* [SOURCE INFORMATION]:
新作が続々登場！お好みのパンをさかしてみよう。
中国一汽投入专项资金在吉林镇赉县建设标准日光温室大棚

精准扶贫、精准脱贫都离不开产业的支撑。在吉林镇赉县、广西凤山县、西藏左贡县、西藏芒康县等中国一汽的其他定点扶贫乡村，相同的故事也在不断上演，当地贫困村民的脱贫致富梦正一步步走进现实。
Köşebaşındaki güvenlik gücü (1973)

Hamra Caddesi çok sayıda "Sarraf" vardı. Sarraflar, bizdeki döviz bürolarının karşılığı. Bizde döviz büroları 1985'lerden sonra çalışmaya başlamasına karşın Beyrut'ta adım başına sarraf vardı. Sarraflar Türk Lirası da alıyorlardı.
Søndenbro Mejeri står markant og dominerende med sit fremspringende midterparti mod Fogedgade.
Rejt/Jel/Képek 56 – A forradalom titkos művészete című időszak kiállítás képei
--
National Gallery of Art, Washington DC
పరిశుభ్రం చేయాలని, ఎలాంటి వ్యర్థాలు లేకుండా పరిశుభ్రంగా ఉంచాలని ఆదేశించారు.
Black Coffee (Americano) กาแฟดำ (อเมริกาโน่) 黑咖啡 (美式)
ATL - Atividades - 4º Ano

* [EXERCISE BRIEF]: Your task for the entries above: copy exactly the span starting with the line with "Hamra Caddesi çok" and going on through the line with "Søndenbro Mejeri står", both lines included, and nothing else.

* [ANSWER TO THIS PROBLEM]:
Hamra Caddesi çok sayıda "Sarraf" vardı. Sarraflar, bizdeki döviz bürolarının karşılığı. Bizde döviz büroları 1985'lerden sonra çalışmaya başlamasına karşın Beyrut'ta adım başına sarraf vardı. Sarraflar Türk Lirası da alıyorlardı.
Søndenbro Mejeri står markant og dominerende med sit fremspringende midterparti mod Fogedgade.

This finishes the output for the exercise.